Kiln dried wood that has risen back to EMC is no more dry, or better, than wood that has achieved EMC on its own. The only difference is that by kiln drying you can finish the wood off with a high temp bug killing cycle and set the pitch in species that need that. In fact when it comes to black walnut, many high end furniture artisans will only use air dried because the steam cycle in a commercial kiln lightens black walnut some. With Red Oak as long as you don't have critters in it all you need to do is get it low enough so that when you build with it your joints or even the wood itself won't crack or fail. 







.


----------



## wmodavis (Dec 26, 2010)

The best MC is one that would be in equalibrium with the average relative humidity where the item is going to reside.


----------



## TexasTimbers (Oct 17, 2006)

wmodavis said:


> The best MC is one that would be in equalibrium with the average relative humidity where the item is going to reside.

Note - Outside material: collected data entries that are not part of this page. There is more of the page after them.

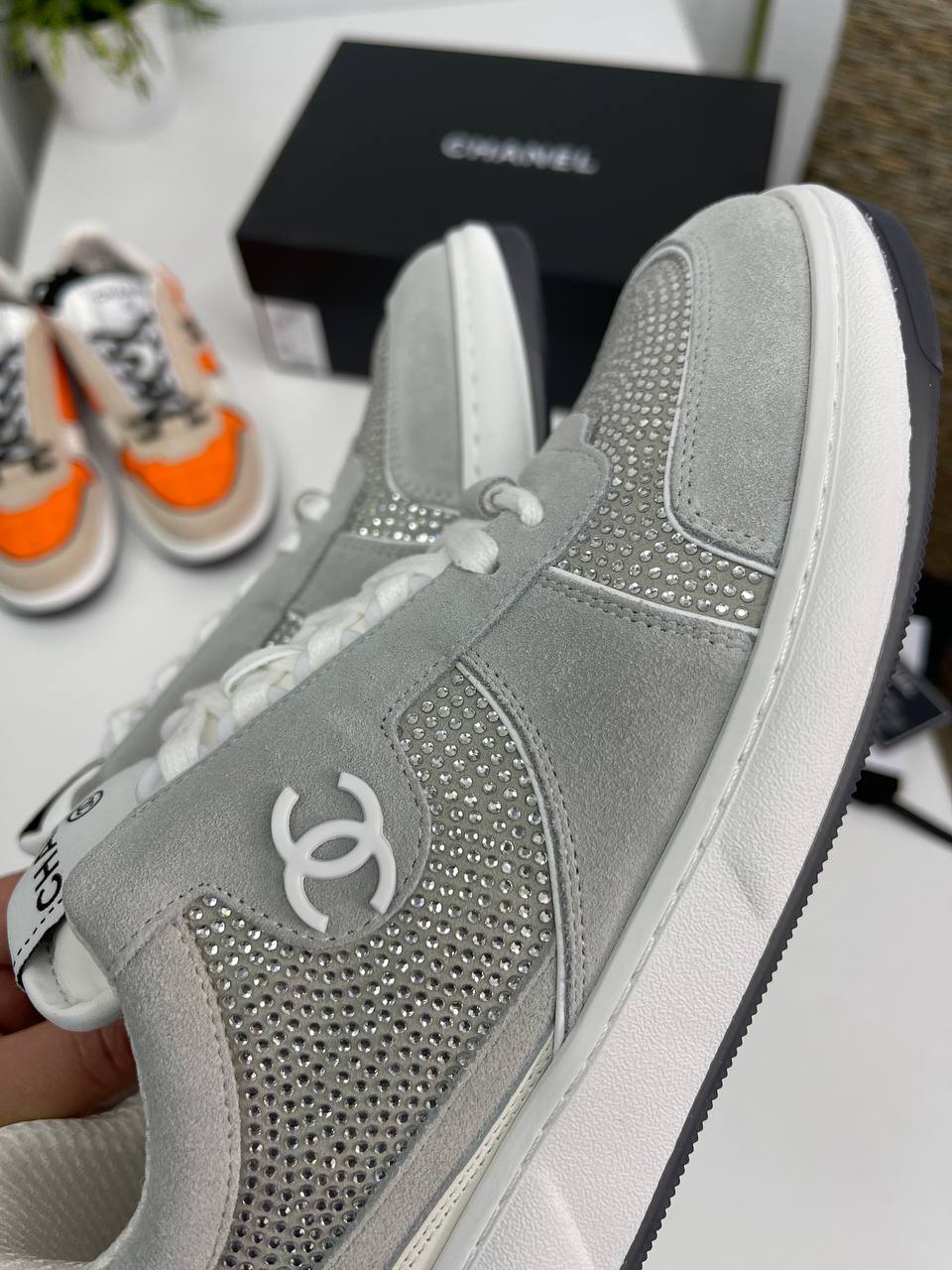 Кеды женские Chanel LUX-85312 — это стильная обувь от известного бренда. Серая расцветка кед с блестящими деталями придает им элегантный и современный вид. Эти кеды идеально подойдут для создания повседневных и модных образов.
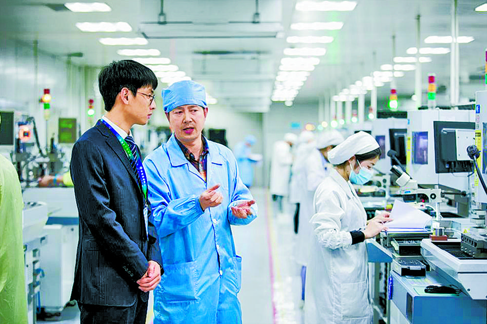 近日,浙江农信辖内绍兴恒信农商银行金融联络员(左一)来到浙江京东方显示技术有限公司了解企业资金需求情况。今年,该行在当地监管部门指导下,全面落实延期还本付息政策,通过开展小微企业专项走访,逐户摸排贷款临期客户,对小微企业贷款实行“应延尽延”。目前,该行已累计为21.04亿元贷款办理延期、无还本续贷。 沈淑萍摄(中经视觉)
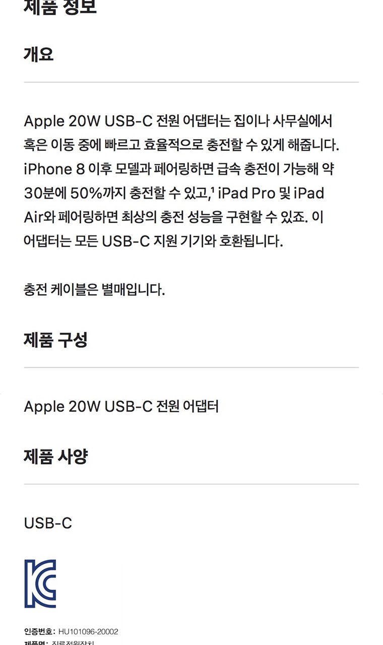 1. 모델명(품번) | 애플 20W USB-C 충전기 어댑터 MUW13KH/A |
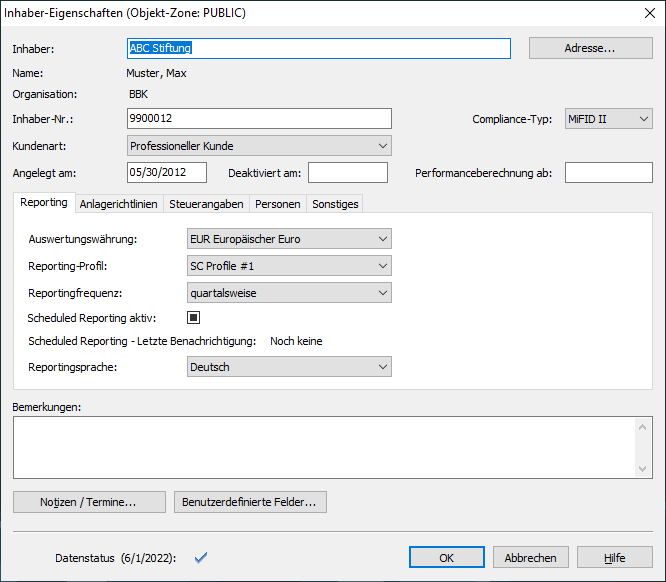 Hier können Sie das Datum eintragen, an dem Sie den Inhaber angelegt haben. Standardeinstellung ist das aktuelle Datum.
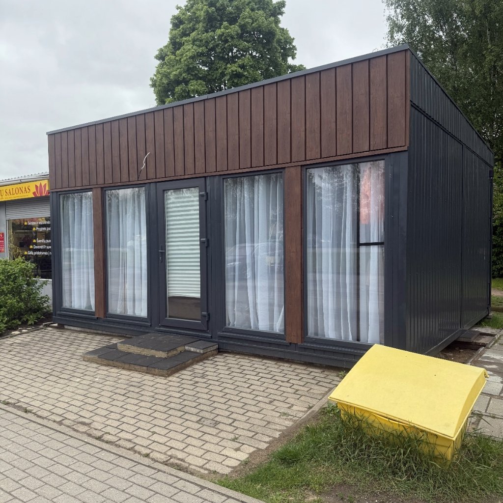 Modulinis ofisas 18 m² – su pilna apdaila, elektros instaliacija, langais, durimis, transportu ir montavimu – apie 7000 € + PVM
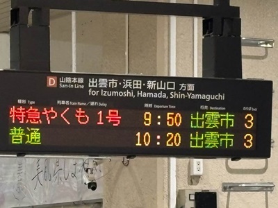 9時過ぎにチェックアウトして20分松江しんじ湖温泉駅に。
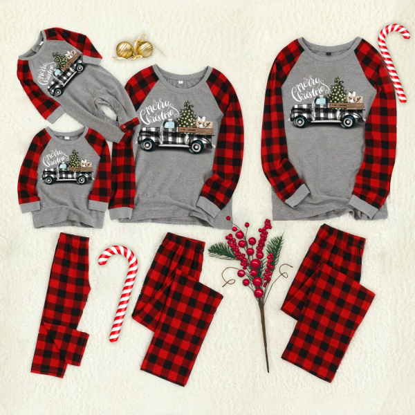 Christmas Tree & Truck Patterned “Merry Christmas” Letter Print Grey Contrast top and Plaid Pants Family Matching Pajamas Set With Dog Bandana
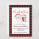 Oh quel plaisir, c'est d'être un ! Noël Père Noël première invitation de fête d'anniversaire avec aquarelle père Noël, noël et buffle plaid retour.
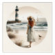 A graceful young woman in a flowing white dress wanders along the sandy shore, her sun hat tilted against the breeze as she gazes toward a striped lighthouse standing strong against the waves. Gentle grasses frame the foreground while seabirds and a sailboat drift across the horizon, adding a sense of calm movement to the coastal landscape. The soft watercolor style blends romance and serenity, creating a timeless cottagecore-inspired seaside scene that feels both nostalgic and dreamlike. AI generated artwork.
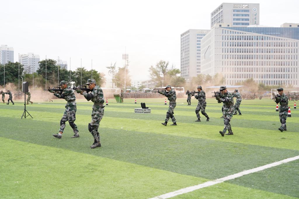 会场上,七个特色方阵逐一精彩亮相。“倒计时方阵”巧妙展示校徽校训,并以“我爱兰城院”的响亮口号向学校深情告白;“战旗方阵”高举红似火焰的战旗,与中国传统武术完美融合,战鼓声声,每一步都踏出了青年人的荣耀与担当;“刺杀操方队”整齐划一的动作充满力量和气势,充分展现出青年人的英勇无畏;“战地救护心肺复苏方队”演绎战场救护,深刻诠释了生命至上的理念;“战术方队”灵活布局、严密协作,身手矫健,动作迅速,真实再现实战过程,生动展现了战略智慧;军体拳行云流水、刚劲有力,匕首操稳准狠快、一气呵成,他们以昂扬饱满的斗志、铿锵轩昂的气势展现了钢铁纪律和巍巍军风,赢得了全体参会师生的阵阵掌声与喝彩。
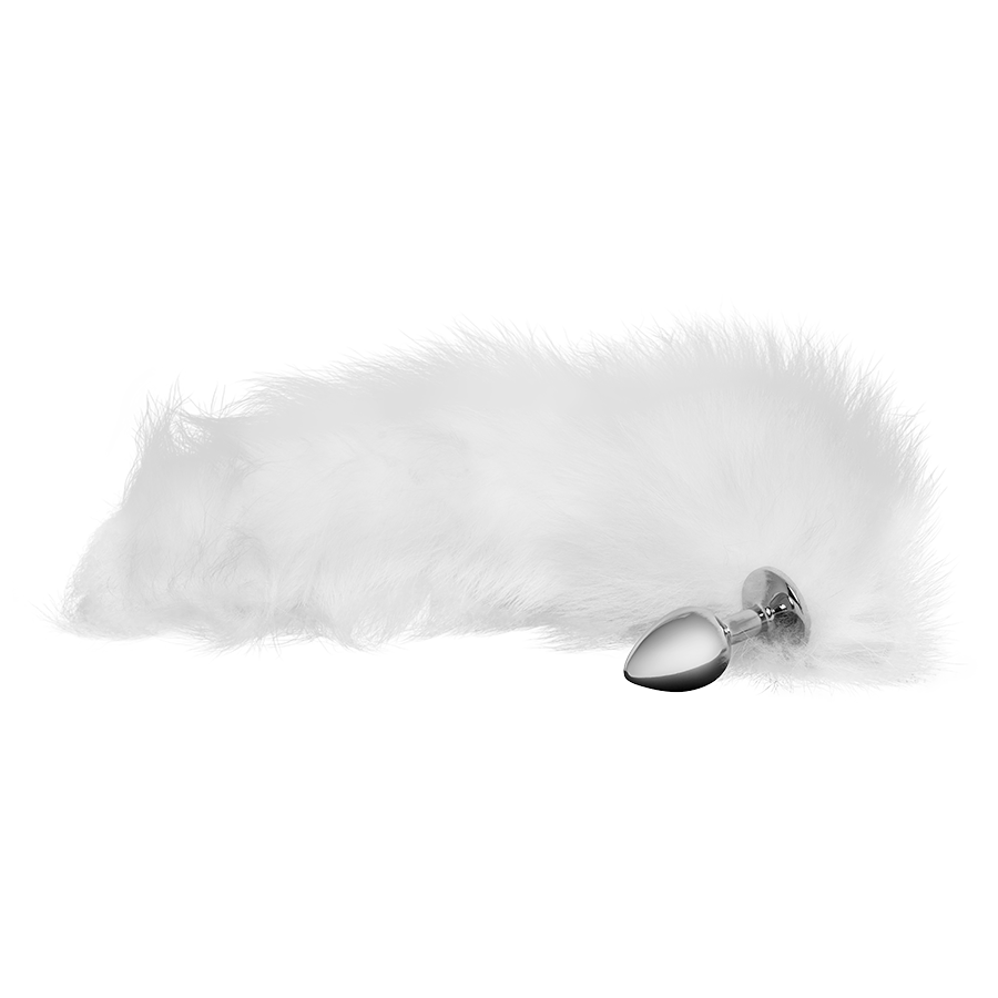 Cola de zorro sintética blanca con plug anal metálico incorporado para juegos de roles fetichistas y cosplay.
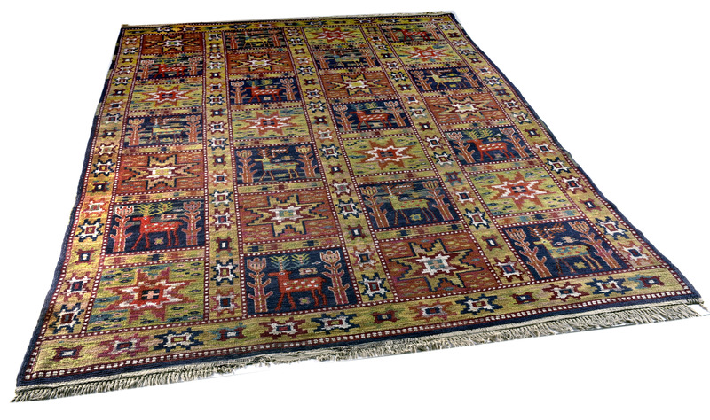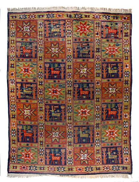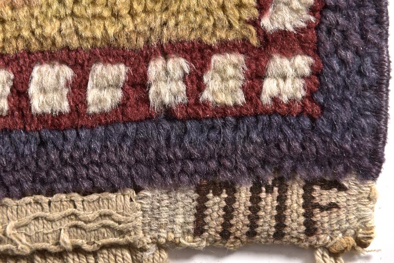 Varp av lingarn 4 trådar/cm, inslag av dubbelt ullgarn 7 trådar/cm i brunt och beige, nock av polykromt ullgarn; motiv föreställande åttauddiga stjärna, hjort mellan tulpaner, fyra motiv i bredd, sju på längden, ramen med mindre åttauddiga stjärnor; knuten frans påsydd.
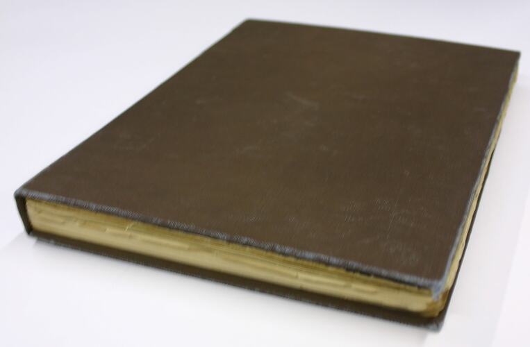 Brown cloth bound book with ruled pages marked with numbers at the top (up to 140). Most entries are handwritten in ink. 6 typewritten pages have been attached by adhesive tape. Some printed materials have been adhered to the pages. The diary also includes drawings of farming equipment. The original black front cover with page one on the reverse, has become detached. The diary appears to have been bound again in brown cloth.
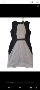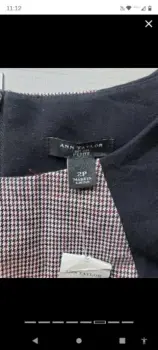 Vestido color vino con negro y blanco Ann Taylor estampado de pata de gallo. Nuevo con etiqueta, talla 2 petite queda a talla S y llega por abajo de la rodilla
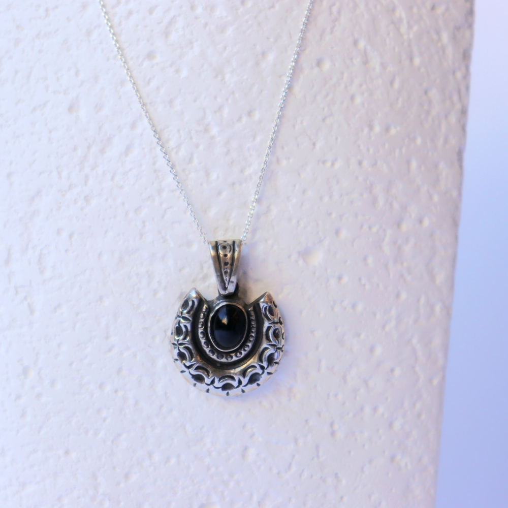 Ασημένιο μεταγιόν με γρανάδα & μαύρο όνυχα
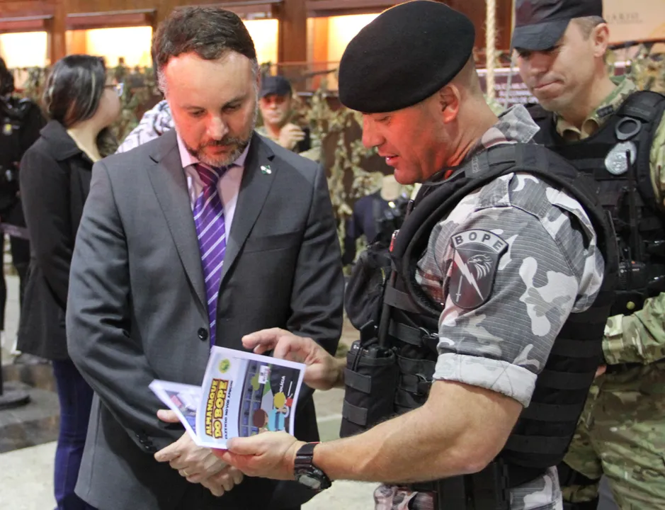 O secretário estadual da Segurança Pública e Administração Penitenciária, Wagner Mesquita de Oliveira, visitou quinta-feira (04) a exposição de viaturas, equipamentos de seis subunidades do Batalhão de Operações Especiais (Bope) no Shopping Estação, no bairro Rebouças, em Curitiba.
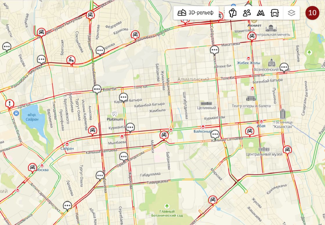 По информации 2ГИС, на 17:50 в Алматы ситуация с пробками оценивается в 10 баллов. Движение парализовано на центральных улицах города.
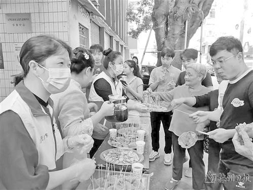 活动中,志愿者们向群众派发粽子,为他们送去端午祝福的同时,还向孩子们普及了端午节知识,包括端午节的由来、习俗和传说故事等,传达了端午深厚的历史底蕴与文化内涵,营造了浓厚的节日氛围。
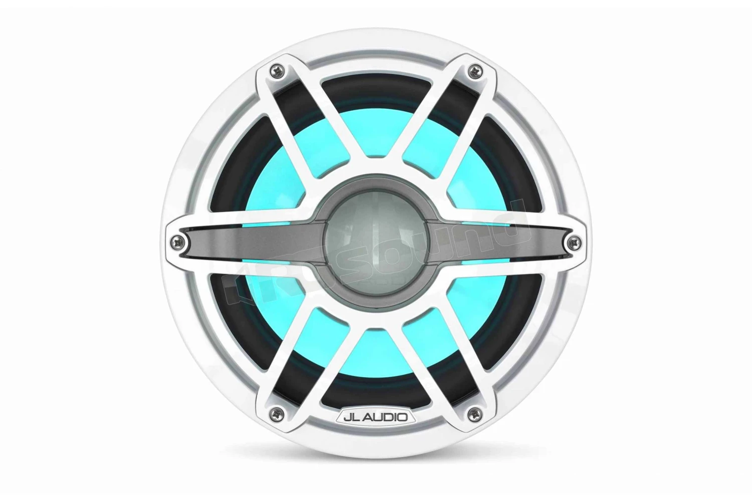 JL Audio M6-10IB-S-GwGw-i-4 subwoofer nautico da 10″ (250 mm) con illuminazione LED, griglia sportiva in finitura bianca lucida, impedenza 4 Ohm, potenza RMS 125 W
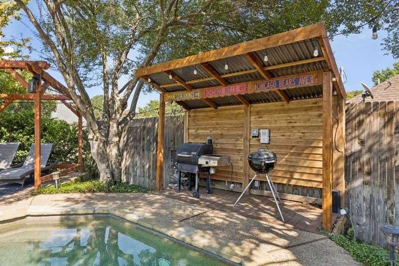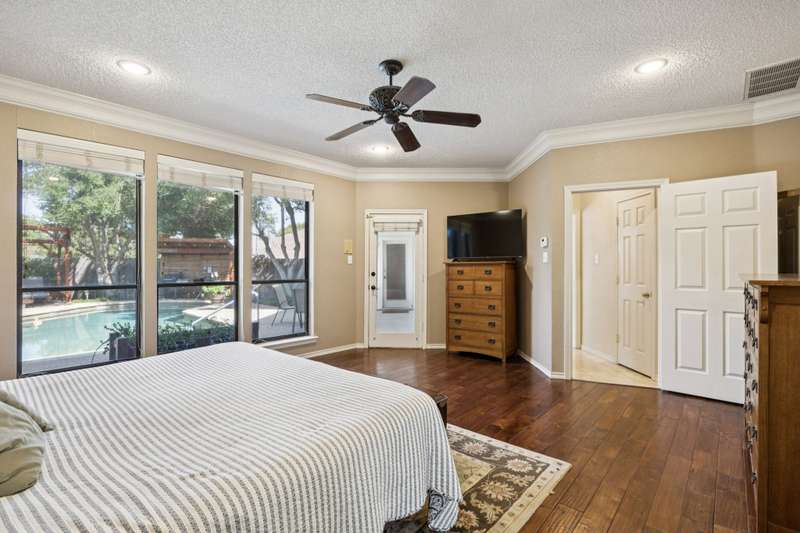 Welcome to 2424 Cross Timbers, a stunning four bedroom home situated on a beautiful corner lot in the desirable Woodridge Subdivision of Arlington! This residence blends elegance, comfort, and convenience, offering a thoughtfully designed floorplan with functional living spaces and modern updates. Inside, youll be greeted by gorgeous travertine flooring, decorative lighting and two spacious living areas filled with natural light. The open concept kitchen is a chefs delight, featuring granite countertops, an electric cooktop, built-in oven, microwave and abundant cabinetry. A large breakfast area overlooks the backyard, making this space ideal for family gatherings or entertaining. The main level primary suite is a true retreat with hardwood floors, a peaceful sitting area, direct backyard access, and a luxurious en-suite bath complete with dual vanities, a garden tub, and separate shower. A convenient guest bedroom is also located downstairs, while two additional bedrooms upstairs provide flexibility for family, a home office, or guests. Step outside to your own private oasis featuring a sparkling pool, lush landscaping, and plenty of patio space - perfect for barbecues, pool parties, or relaxing in total privacy. The pool has a variable-speed pump less than a year old and the light was recently replaced with an LED bulb offering full color control. The sprinkler system is managed by a Wi-Fi controller for added ease. Several windows were replaced within the past year, ensuring energy efficiency and curb appeal, and the main water line from the city to the house was replaced approximately three years ago. The three-car garage and corner lot provide ample storage and impressive curb presence. Living in Woodridge means enjoying a vibrant neighborhood in the heart of Arlington, just minutes from shopping, dining, and entertainment, plus world-class attractions like AT&T Stadium, Globe Life Field, and Six Flags Over Texas, nearby parks, golf courses and Joe Pool Lake.

Well put. In trying to give a detailed answer I danced all around that but never said it. Thanks. 






.


----------



## Woodcarver (Feb 13, 2011)

Sorry for taking so long to get back, My meter is an inexpensive one, dont know how low it will go, just wanted a quick check of the wood, its been stored in a closed barn since Oct, Ive earmarked it for internment flag boxes and a couple coffee and end tables, when I stored it I did at least paint the ends to slow the drying process down to control checking, cracking and warping so far so good. I made a shodow box out of a piece I milled last year that sat fro about 3-4 months drying a nd so far it hasnt caused problems. Hopefuuly it will work out


----------



## Gerry KIERNAN (Apr 20, 2007)

I have found that wood stickered and stacked in my shop, with a fan blowing over it will come down to around 11% to 13% over a period of several months. I have found also, that wood which is in my home, such as the wood panelling, measures around 5% to 6%. Check the wood inside a location where your finished products are going to be. If your wood is in the same range as the interior wood you should be fairly safe to use it. As suggested above, storing wood in a spare room in the house for a few months will generally bring it into the range where you can use it.

Gerry


----------